First the ECM has to get the engine to start, add fuel to cold engine till it fires. The ECM is looking for the range that fuel will burn, in the cylinder.
Air/Fuel Ratio Limits 6.0:1.......Rich run limit
9.0:1...... Low power, black smoke
11.5:1.... Rich best torque at WOT
12.5:1.... Safe best power at WOT
13.2:1.... Lean best torque at WOT
14.7:1.... Chemically ideal
15.5:1.... Lean light load, part throttle
16.2:1.....Best economy, part throttle
18-22:1.. Lean run limit
Somewhere between 22:1 and 6:1 (in the cylinder) the engine will "catch/fire". This is after all the fuel, that has to be loaded to "wet the walls" (the total surface area from the injector to the combustion chamber). If carb/TBI read lots of surface area.
If the cylinder does not "catch/fire", then it will have to wait till the next pass/cycle, pushing all that mixture into the exhaust.
Hopefully if all goes well (engineer or you being the engineer/programmer, loaded correct values into ECM ) then the engine will start and run.
Immediately after firing something happens called heat. As things warm up, all the "wet the walls" fuel that was needed to start the engine is now being added to the mixture. This will require that the amount of fuel being added by the ECM to be decreased to maintain the burnable AFR in the cylinder.
At the same time all this, "must be done this way to start engine stuff" is happening, the exhaust and cat is catching and trying to burn all the excess.

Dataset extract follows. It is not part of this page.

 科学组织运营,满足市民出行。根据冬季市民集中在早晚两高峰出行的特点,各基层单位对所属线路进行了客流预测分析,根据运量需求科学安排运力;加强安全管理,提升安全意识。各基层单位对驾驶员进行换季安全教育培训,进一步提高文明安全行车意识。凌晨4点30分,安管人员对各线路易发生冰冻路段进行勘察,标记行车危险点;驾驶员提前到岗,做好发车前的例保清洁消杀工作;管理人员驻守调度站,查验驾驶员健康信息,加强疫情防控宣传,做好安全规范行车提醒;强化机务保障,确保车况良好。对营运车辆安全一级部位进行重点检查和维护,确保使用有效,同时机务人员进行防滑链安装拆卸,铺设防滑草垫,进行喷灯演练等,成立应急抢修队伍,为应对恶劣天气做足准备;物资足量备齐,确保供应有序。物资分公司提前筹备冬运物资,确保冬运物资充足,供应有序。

When everything is nice and hot the engine reaches a steady state of operation. The ECM will add "X" amount of fuel to "Y" amount of air (see chart above) and down the road you go.

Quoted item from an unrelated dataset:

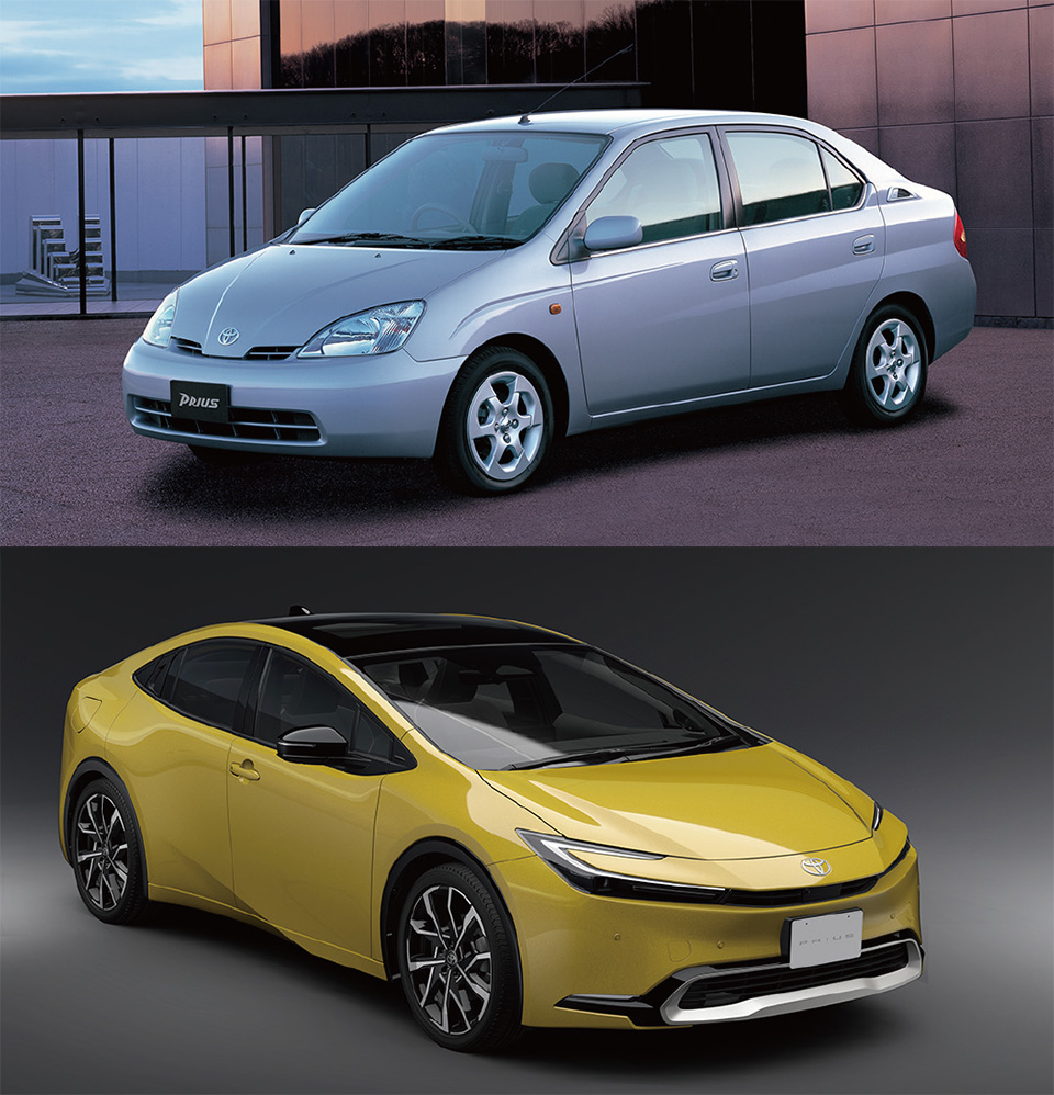 「21世紀に間にあいました」のキャッチフレーズで登場した初代プリウスから四半世紀。新型プリウスは“ハイブリッドの牽引役”をひとまず終えて、次の25年を目指して「Hybrid Reborn」をコンセプトに「一目惚れするデザイン」「虜にさせる走り」を開発目標とした。※初代(1997年・写真上) 新型(写真下)

Now comes the EPA and the Hydrocarbon (unburnt fuel) emissions amount. This has to be dealt with, so they added a cat converter, to burn the extra fuel. A cat can not run at the same steady state like the engine, it needs to run at it's own correct AFR (low HC output). To solve this dilemma, the O2 monitors the gases between the engine and the cat, but it can not serve two masters.
What the converter needs, to maintain a steady burn (low HC output), has to be delivered through and after the engine, like making a meal from leftovers.
So the ECM plays with (adds/removes fuel) to the cylinder AFR to satisfy the converter AFR. If and when the engine needs more power (richer AFR), also adding more air to manifold/cat via the air pump.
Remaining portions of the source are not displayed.